Protecting the Apollo Landing Sites From Later Landings
R3d M3rcury writes "The Lunar X-Prize is a contest offering $20 million to the first private organization to land and maneuver a robotic rover on the moon. There is also a $1 million bonus to anyone who can get a picture of a man-made object on the moon. But one archeologist believes that 'The sites of early lunar landings are of unparalleled significance in the history of humanity, and extraordinary caution should be taken to protect them.' He's concerned that we may end up with rover tracks destroying historic artifacts, such as Neil Armstrong's first bootprint, or that a mistake could send a rocket slamming into a landing site. He calls on the organizers to ban any contestant from landing within 100KM of a prior moon landing site. Now he seems to think this just means Apollo. What about the Luna and Surveyor landers? What about the Lunokhod rovers? Are they fair game?"
We have a picture of it right? Seriously what if every time somebody did something new that spot was forbidden to be stepped on again? asinine. What if nobody as allowed to visit the beach of Columbus's first landing sites? BFD, send a plaque or something and stop wasting your time worrying about whether a footprint is going to disappear someday. It will.
/* oops I accidentally made a comment, sorry */
Great, now we'll need to deal with the lunar version of NIMBYs. I was personally looking forward to Hydrogen 3 and titanium surface mining on the Moon. I want vast robotic factories on the Moon so we can start mass producing segments for cylinder-type space colonies. I want to be able to retire in one of those space colonies.
It is a shame that some people exist merely to hold the rest of us back from our ideal Star Trek future with green alien babes.
How many places would remain if all those spots are banned? There are only so much good landing sites on the Moon.
At the current rate there are enough landing sites to keep us busy for a couple of thousand years.
http://michaelsmith.id.au
This is ridiculous idolatry. It's not like there is something we *don't* know about these events, there is nothing to discover there, and hence nothing to protect, as opposed to an archeological site.

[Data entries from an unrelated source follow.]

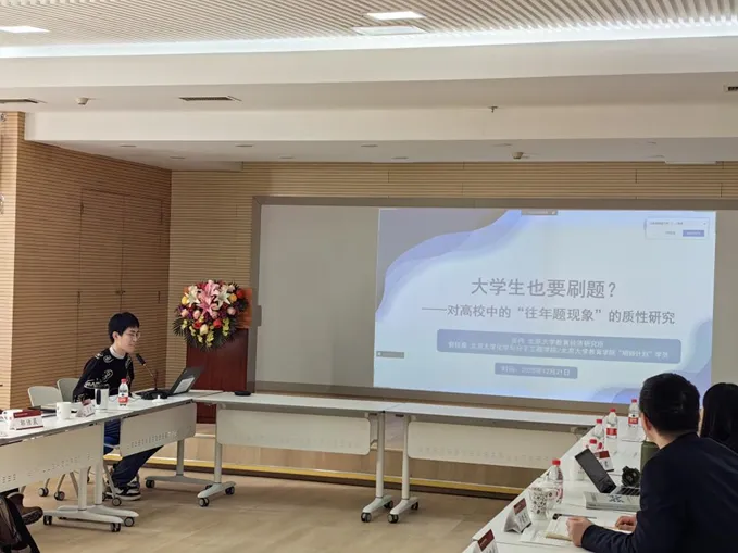 北京大学教育学院教育管理与政策系副主任张冉副教授和化学与分子工程学院博士研究生郭佳晨同学,作题为《大学生也要刷题?——对高校中的“往年题现象”的质性研究》的报告。临近期末季,往年题会成为高校同学们交流的热评词之一,本研究对学生、助教和老师采用半开放的访谈、自我参与式观察等方法,对高校往年题的现象产生的原因,对高校教育带来的影响,以及体现哪些伦理困境进行研究。研究发现,往年题虽然可以提高学生的成绩,但是会导致极低分数的出现;虽然可以降低学习成本,但是可能会产生负回报,且会导致对教育生态产生负面影响。最后,张冉老师和郭佳晨同学还强调,期末考试评分标准需考虑多因素,包括效度、信度、公平性等。同时,需注意知识产权和保密问题,并重新审视教育效度和合法性。不应过分依赖成绩作为衡量标准。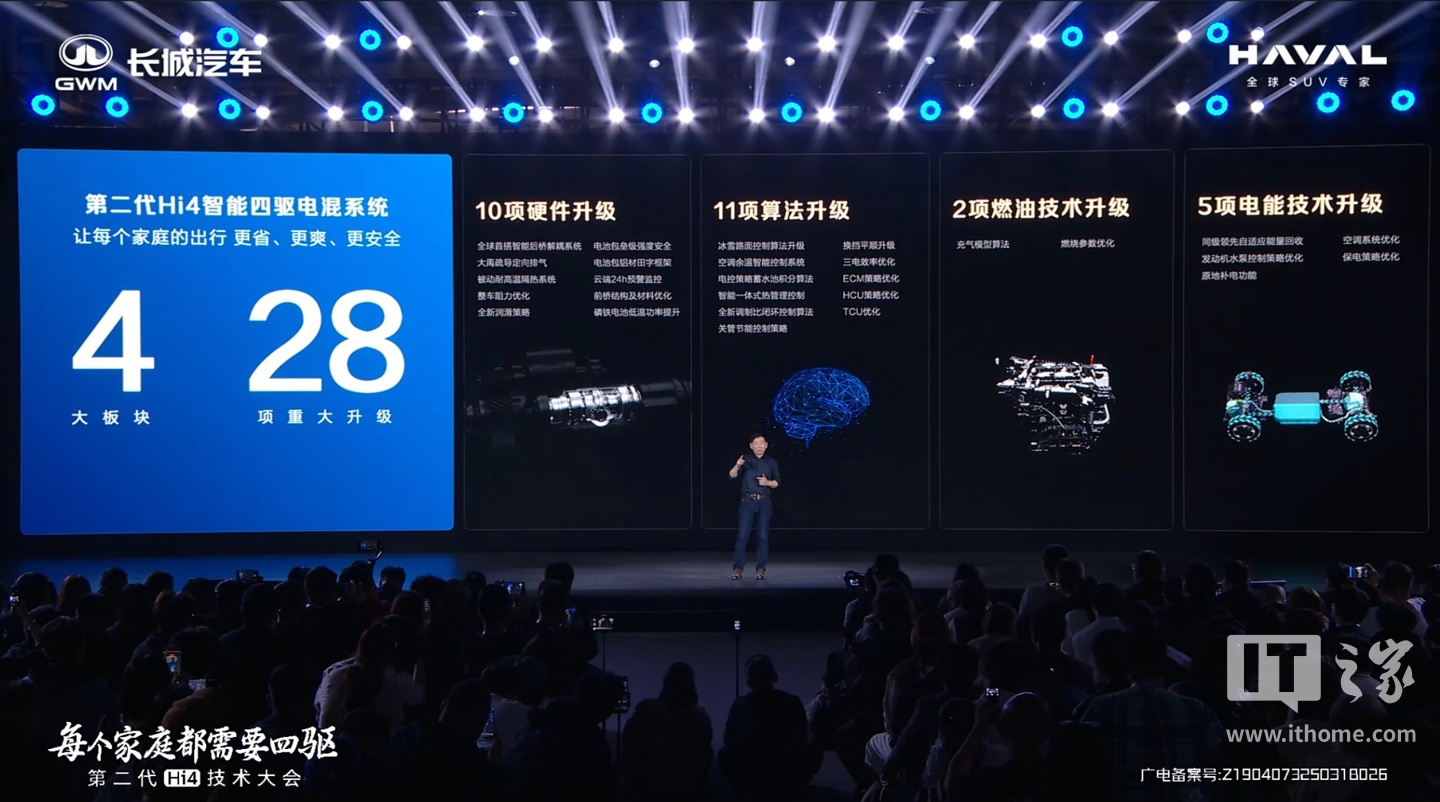 IT之家 3 月 21 日消息,在目前正在进行的长城哈弗第二代枭龙 MAX SUV 预售会中,长城汽车公布了旗下二代 Hi4 智能四驱电混系统的技术细节。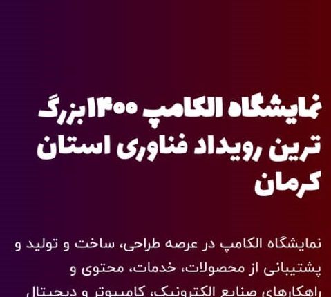 بیست و ششمین نمایشگاه بین المللی الکامپ استان کرمان در تاریخ ۱۴۰۰/۱۰/۲۱ تا تاریخ ۱۴۰۰/۱۰/۲۴ در محل برگزاری نمایشگاه های دائمی جنوب شرق برگزار شد.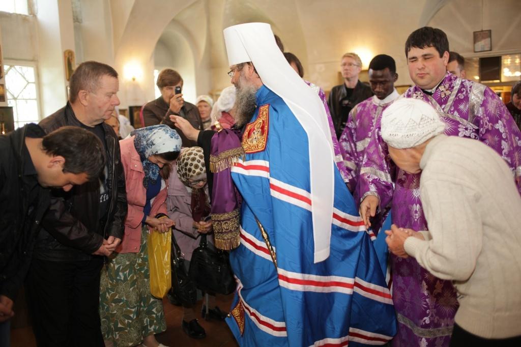 14 августа в праздник Происхождения (изнесения) Честных Древ Животворящего Креста Господня, митрополит Екатеринбургский и Верхотурский Кирилл совершил Божественную литургию в Свято-Троицком храме города Арамили.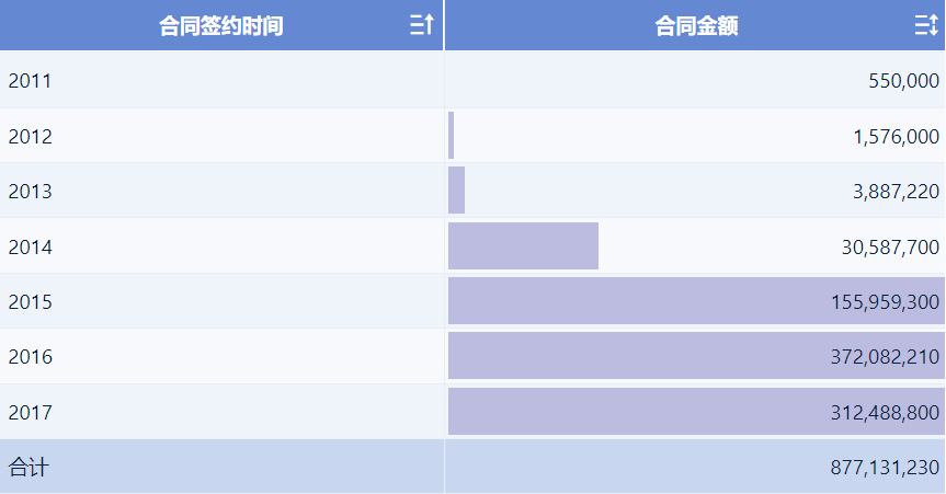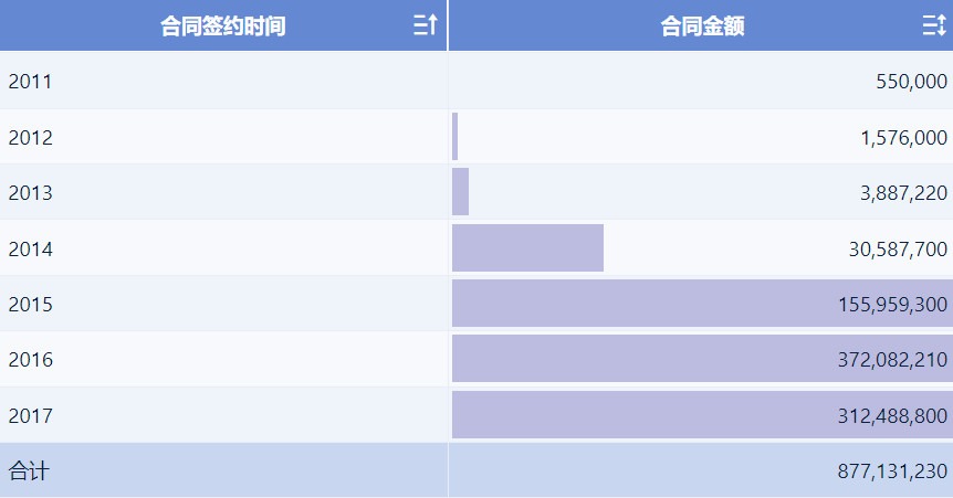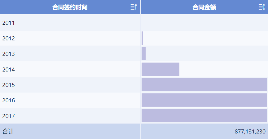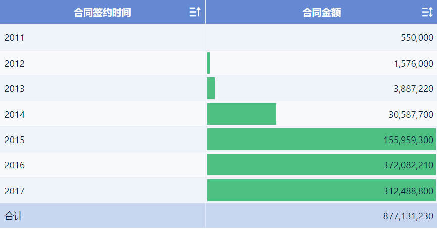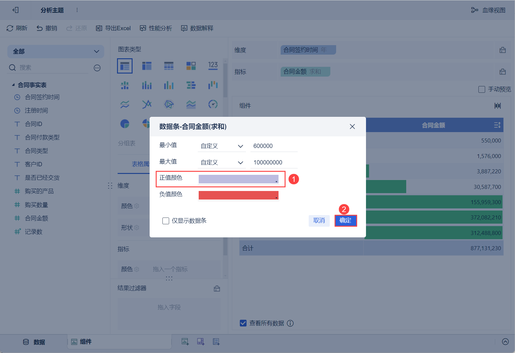 点击指标栏「合同金额」的下拉按钮,选择「开启数据条」,如下图所示: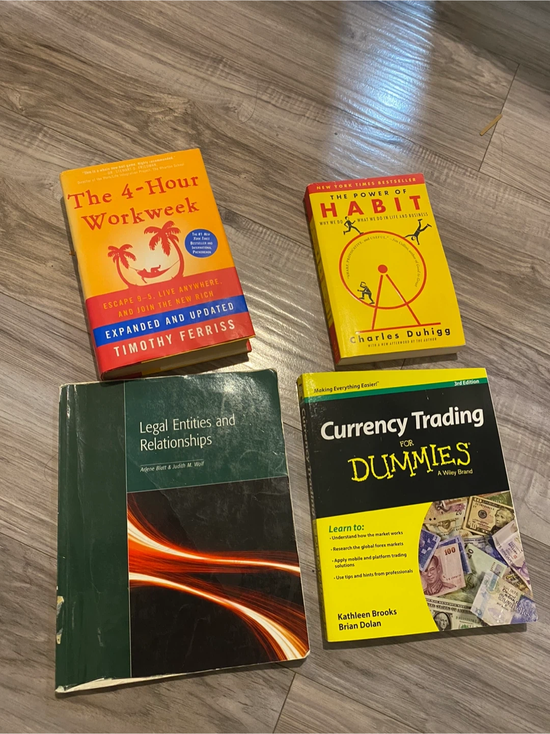 4 non fictions (self-help) book $10 each, or 2 for $15 , or all for $25 - The Power of Habit by Charles Duhigg - Legal Entities and Relationships by Arlene Blatt & Judith M. Wolf - The 4-Hour Workweek by Timothy Ferriss - Currency Trading for Dummies by Kathleen Brooks & Brian Dolan Pick near Victoria park and saint Claire Or meet up at Victoria park station

The first bootprint was likely obliterated by the lunar ascent engine exhaust on the way out. Hello!
Why not? I personally think that preserving the artifacts of the first moon landing should be considered important.
Though realistically.... Neil Armstrong's first boot print was most likely obliterated when the LEM blasted off.
There's a lot of moon up there. I see no reason to disturb the existing landing sites until we have the means to preserve them properly.
So, do you feel the same about Bletchley Park? It's not a simple question. There ARE things we sometimes like to see preserved for the awe inspiring value they have for posterity. I don't know about all the sites on the moon but I'd vote for the first landing site of anything ever (Russian?) and the spot where a human being first walked.
http://www.rootstrikers.org/
whether a footprint is going to disappear someday. It will
If it hasn't been already destroyed. Wasn't the photo of where he first stepped on the moon next to the lander? Wouldn't the lander module have toasted the ground around it when it fired it's engines up to re-enter lunar orbit?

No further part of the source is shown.